Apesar de não poder antever esse futuro, Maria tinha consciência da importância do seu papel como mulher de Lampião. “Ela encarou as lentes da câmera com ar zombeteiro, mas imponente. Sabia que tinha poder”, diz o sociólogo Erivan Felix Vieira, autor de Coronelismo e cangaço no imaginário social.

Nas comemorações do centenário do seu nascimento – que se encerram este mês – , a história de Maria Bonita foi revista por vários pesquisadores. A fama de que era cruel – forjada no passado – foi rechaçada. Maria Déa é uma das poucas unanimidades entre os que se dedicam a estudar o tema, descrita como uma personagem determinada, corajosa e apaixonada.

“Maria Bonita tinha alguma coisa de superficial, de vaidosa. Um jeito meio de moleca, meio de meninona... Era amiga com quem simpatizava e arengueira com quem não gostava, mas fiel e ousada. Seguiu Lampião porque quis. Teve peito para desafiar a sociedade sertaneja. O Capitão, por sua vez, era apaixonadíssimo por ela e a chamava de Santinha. Os dois se amavam verdadeiramente”, descreve o historiador Frederico Pernambucano de Melo, que a considera a mais autêntica das cangaceiras.

OLHOS AZUIS 

No livro A dona de Lampião, lançado este mês, a jornalista e pesquisadora Wanessa Campos traça um perfil da mulher e do mito. E traz algumas informações recentes. A primeira delas é a possibilidade de Maria não ter nascido em 8 de março de 1911, data oficial do seu aniversário. Segundo uma certidão de batismo encontrada pelo sociólogo Voldi Ribeiro, de Paulo Afonso, na paróquia São João Batista de Jeremoabo, também na Bahia, ela teria nascido em janeiro de 1910. Mas não há consenso na veracidade dessa datação.


Maria Bonita e Lampião em foto de Benjamin Abrahão, datada de 1936. 
Foto: B.Abrahão/Aba-Film/Família Ferreira Nunes/Reprodução
do livro
Estrelas de couro - A estética do cangaço.
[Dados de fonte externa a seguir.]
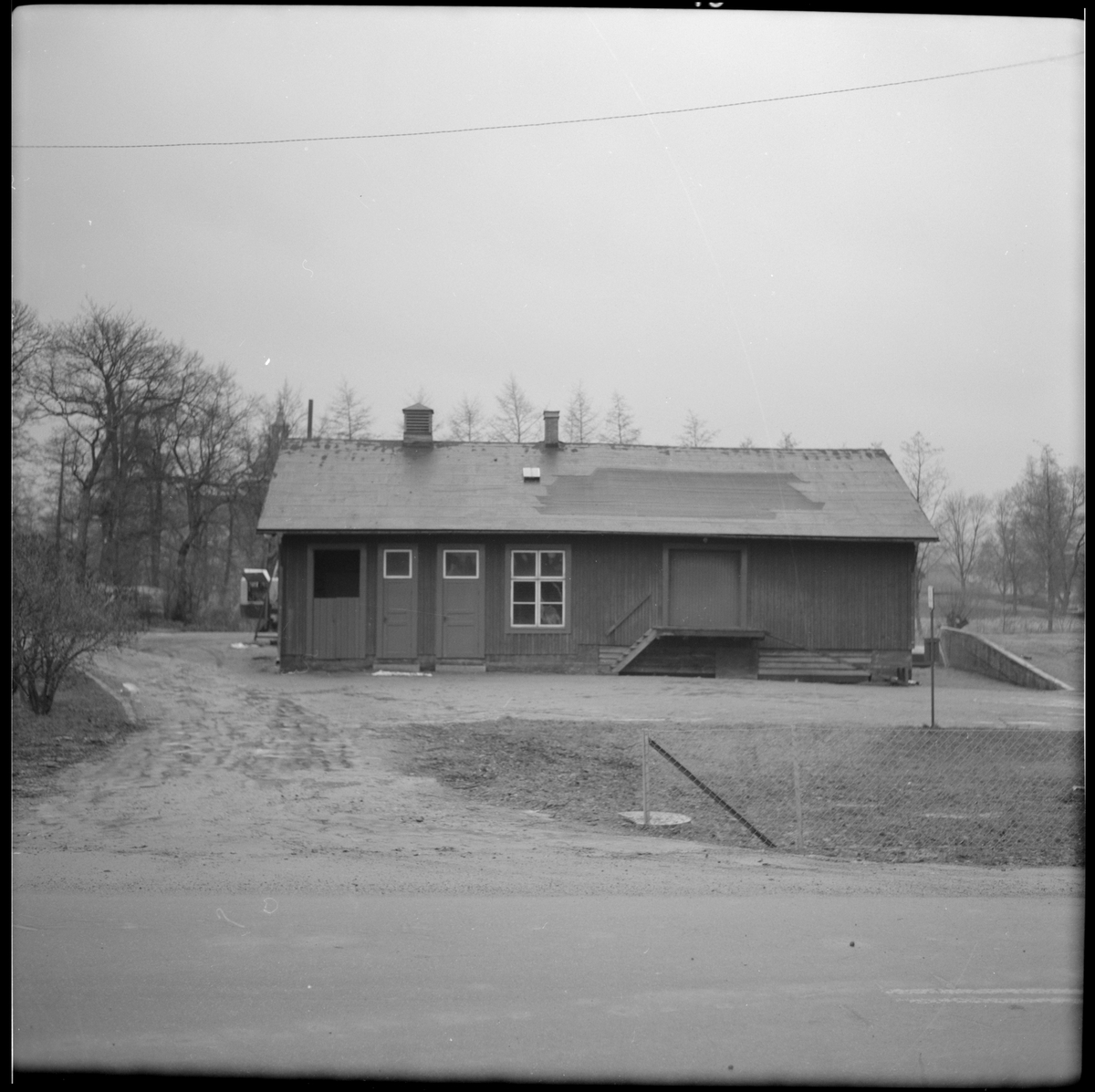 Husbyggnad vid bangården i Mariefred som användes av Museijärnväg Östra Södermanlands Järnväg, ÖSlJ.

Outra especulação diz respeito à aparência física de Maria Déa, que teria os olhos claros. “Ela era morena clara, tinha mais ou menos 1,58m de altura, pernas grossas, busto pequeno (o que na época era valorizado), dentes perfeitos. Suas irmãs Antônia e Dorzinha, diziam que ela tinha olhos azuis. Uma geneticista que consultei me afirmou ser isso possível, visto que elas tinham uma avó holandesa. Mas achei melhor me acautelar e considerar que Maria teria olhos claros, mas não totalmente azuis”, pondera Wanessa. Maria entrou no bando aos 20 anos, em 1930, após um flerte iniciado com Virgolino, no início de 1929, no sítio Malhada de Caiçara, a 38km de Paulo Afonso. Nesse dia, segundo testemunhas, os dois conversaram muito. “Houve uma simpatia recíproca. Maria tinha então um pouco mais de 19 anos e Lampião, 30”, descreve a jornalista. Virgolino passou a visitar a fazenda, a despeito do marido de Maria, Zé de Neném, o José Miguel da Silva, com quem a sertaneja se casara aos 15 anos, e de quem já tinha se separado várias vezes. A presença do cangaceiro rapidamente atraiu a ira das volantes sobre a família, que teve de mudar-se para Alagoas. 
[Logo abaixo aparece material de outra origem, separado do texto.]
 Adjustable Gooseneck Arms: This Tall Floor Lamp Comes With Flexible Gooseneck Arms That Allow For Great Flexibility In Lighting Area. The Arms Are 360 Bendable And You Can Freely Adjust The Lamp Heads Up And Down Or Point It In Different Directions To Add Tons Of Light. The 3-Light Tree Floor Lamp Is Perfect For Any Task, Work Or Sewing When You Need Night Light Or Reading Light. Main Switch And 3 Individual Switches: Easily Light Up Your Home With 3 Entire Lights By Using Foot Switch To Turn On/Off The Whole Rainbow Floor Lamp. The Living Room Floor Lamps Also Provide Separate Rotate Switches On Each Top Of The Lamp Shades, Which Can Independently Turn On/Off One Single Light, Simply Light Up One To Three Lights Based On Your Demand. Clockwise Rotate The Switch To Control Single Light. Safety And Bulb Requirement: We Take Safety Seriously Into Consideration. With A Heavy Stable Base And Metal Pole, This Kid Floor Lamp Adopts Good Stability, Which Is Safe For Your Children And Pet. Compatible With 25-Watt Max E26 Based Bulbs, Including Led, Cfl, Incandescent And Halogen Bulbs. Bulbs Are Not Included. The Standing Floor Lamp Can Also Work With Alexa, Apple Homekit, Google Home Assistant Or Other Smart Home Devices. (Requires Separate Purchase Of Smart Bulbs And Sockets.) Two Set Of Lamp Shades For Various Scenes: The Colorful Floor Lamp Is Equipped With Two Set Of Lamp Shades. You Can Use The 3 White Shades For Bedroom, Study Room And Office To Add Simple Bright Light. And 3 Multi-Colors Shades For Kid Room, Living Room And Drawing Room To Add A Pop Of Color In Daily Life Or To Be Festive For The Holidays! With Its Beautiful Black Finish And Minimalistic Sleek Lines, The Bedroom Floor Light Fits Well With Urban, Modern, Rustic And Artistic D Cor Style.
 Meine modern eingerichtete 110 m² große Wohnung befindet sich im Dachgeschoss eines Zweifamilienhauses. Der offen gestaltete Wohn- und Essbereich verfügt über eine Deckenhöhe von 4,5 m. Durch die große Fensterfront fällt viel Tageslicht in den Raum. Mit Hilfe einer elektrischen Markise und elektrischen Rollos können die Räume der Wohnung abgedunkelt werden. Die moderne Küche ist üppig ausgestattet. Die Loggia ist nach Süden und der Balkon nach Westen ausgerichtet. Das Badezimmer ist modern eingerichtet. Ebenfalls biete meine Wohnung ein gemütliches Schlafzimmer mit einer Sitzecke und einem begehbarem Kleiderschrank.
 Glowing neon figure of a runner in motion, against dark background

Foi então que a jovem escolheu seguir com Lampião. “Maria demonstrava alegria, quando largou a família. Trocou o vestido de voile estampado por uma mescla azul de mangas compridas, meias, perneiras de lona, alpercatas, lenço no pescoço, chapéu de abas largas, bornais, cintos, alforjes”, descreve Aglae Lima de Oliveira, no livro Lampião, cangaço e Nordeste.

Apesar de não ter sido considerado bonito, Lampião tinha charme e atrativos. “Aqueles homens, vestidos de forma diferente, com ouro à vista e chapéu de couro, despertavam sonhos. Avistar um deles era como estar diante de um ídolo, de um artista famoso e rico”, descreve Wanessa.
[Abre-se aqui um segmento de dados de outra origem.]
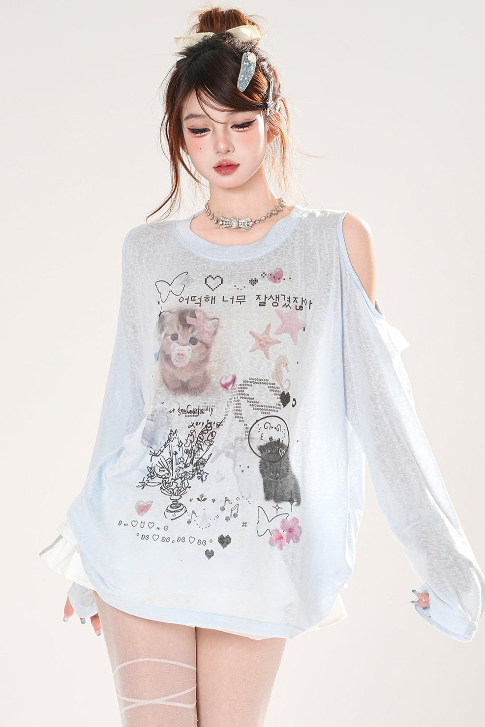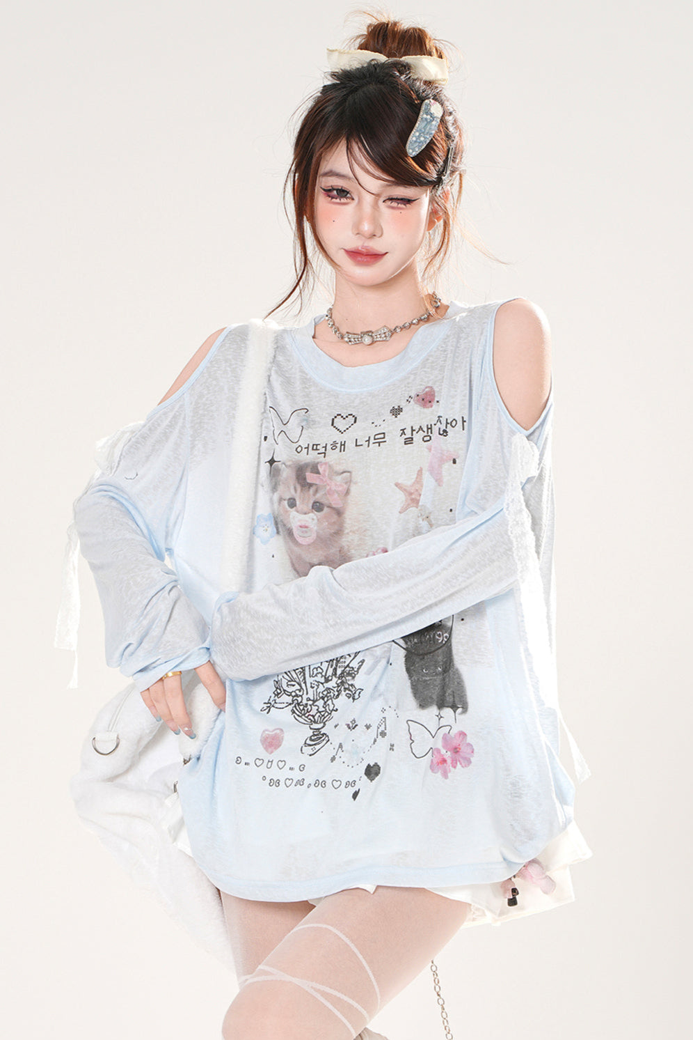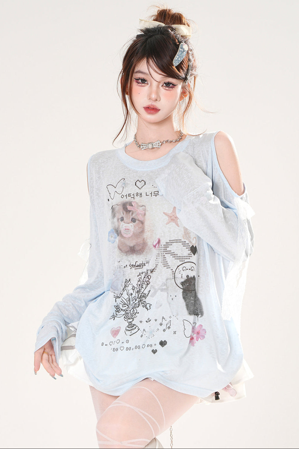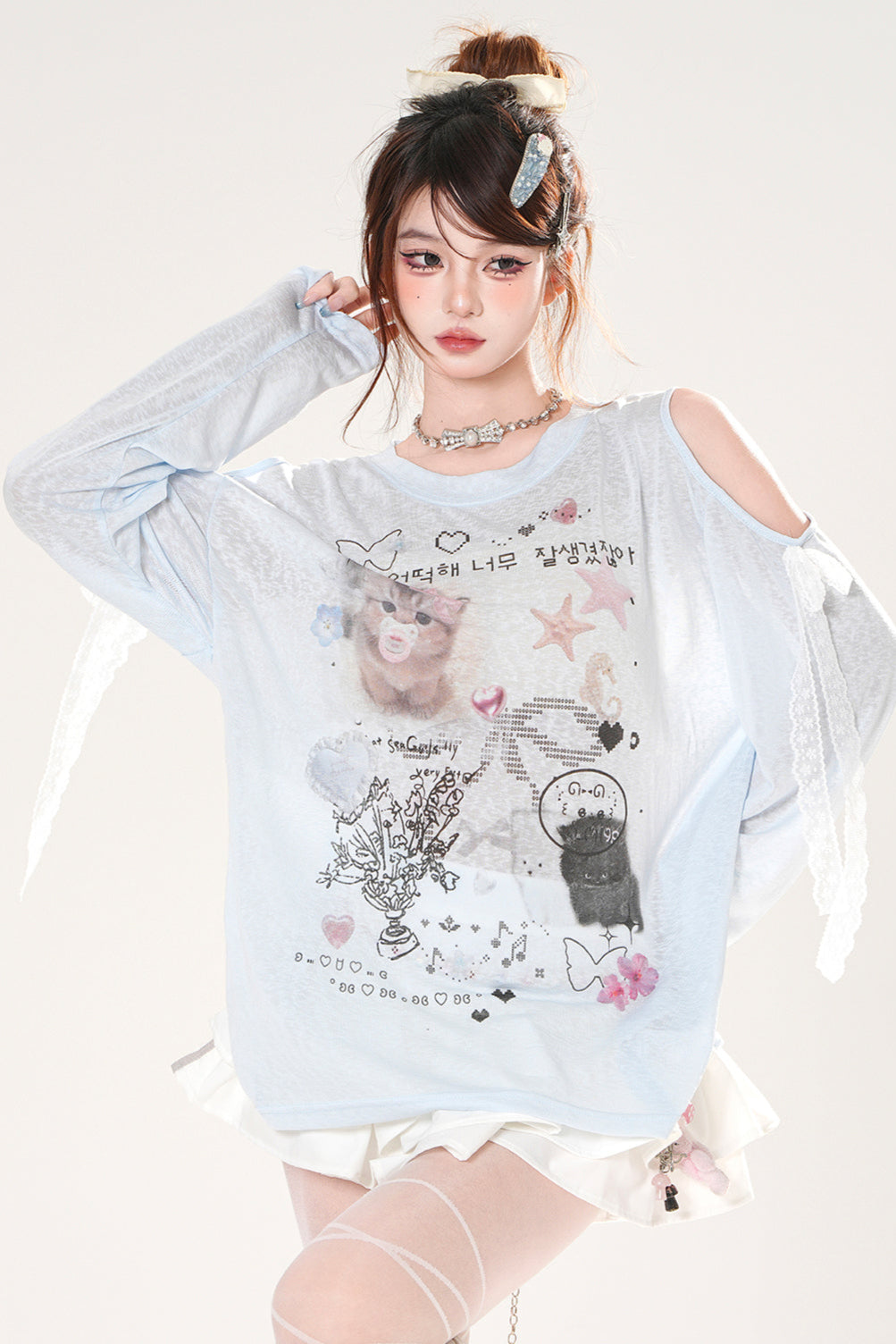 シアーキュートデザインブリージースモックトップス
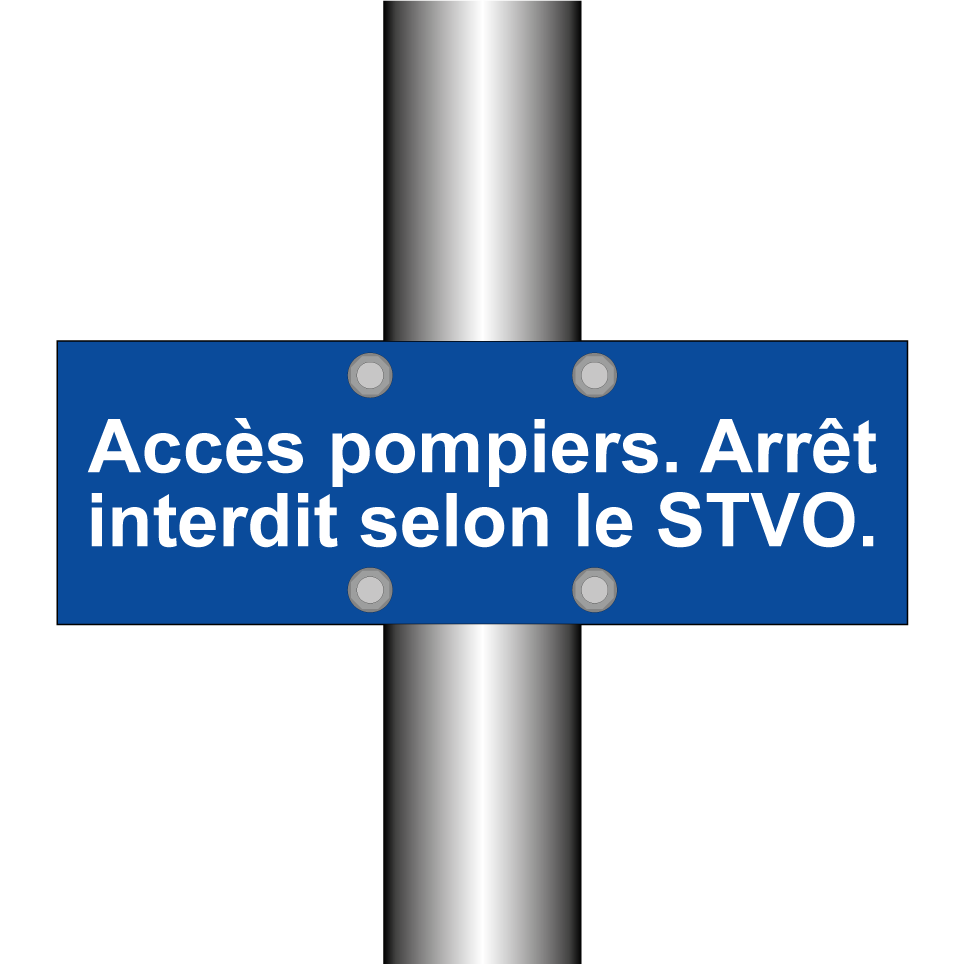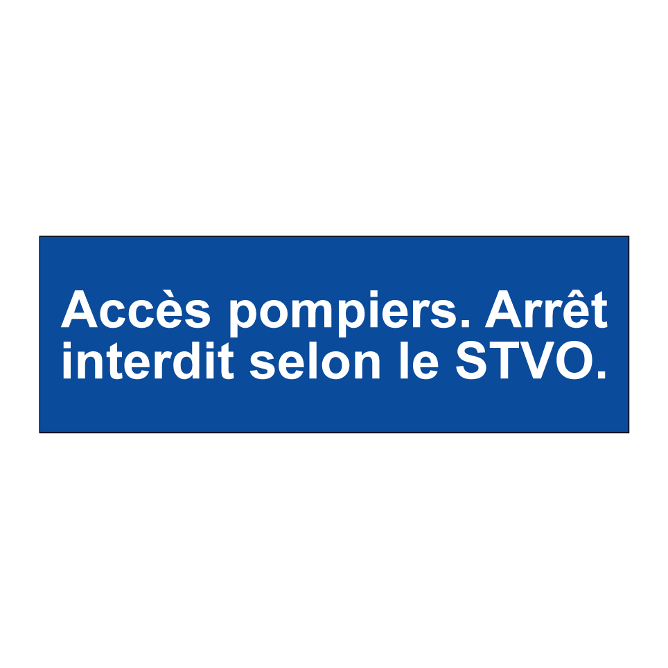 Panneau d'interdiction de stationner avec le texte : "Accès pompiers. Arrêt interdit selon le STVO.".

A beleza de Maria também suscita debates. O escritor Joaquim Goís, que a conheceu ainda adolescente, antes de Virgolino, descreve-a de forma impiedosa: “Uma cabocla apagada, rosto de linhas inseguras, olhar vago, corpo solto em desalinho, seios bambos”. Bem distante da musa cantada pelos cordelistas e cantadores.

Retrato questionado por cangaceiros que conviveram com ela e por suas irmãs. “Os que a conheceram dizem, inclusive, que ela não era fotogênica, que pessoalmente era muito mais bonita. Temos que levar em conta, ainda, que as mulheres do cangaço eram escolhidas pelos atrativos físicos. Lampião, certamente, encantou-se com seus atributos”, pondera a jornalista.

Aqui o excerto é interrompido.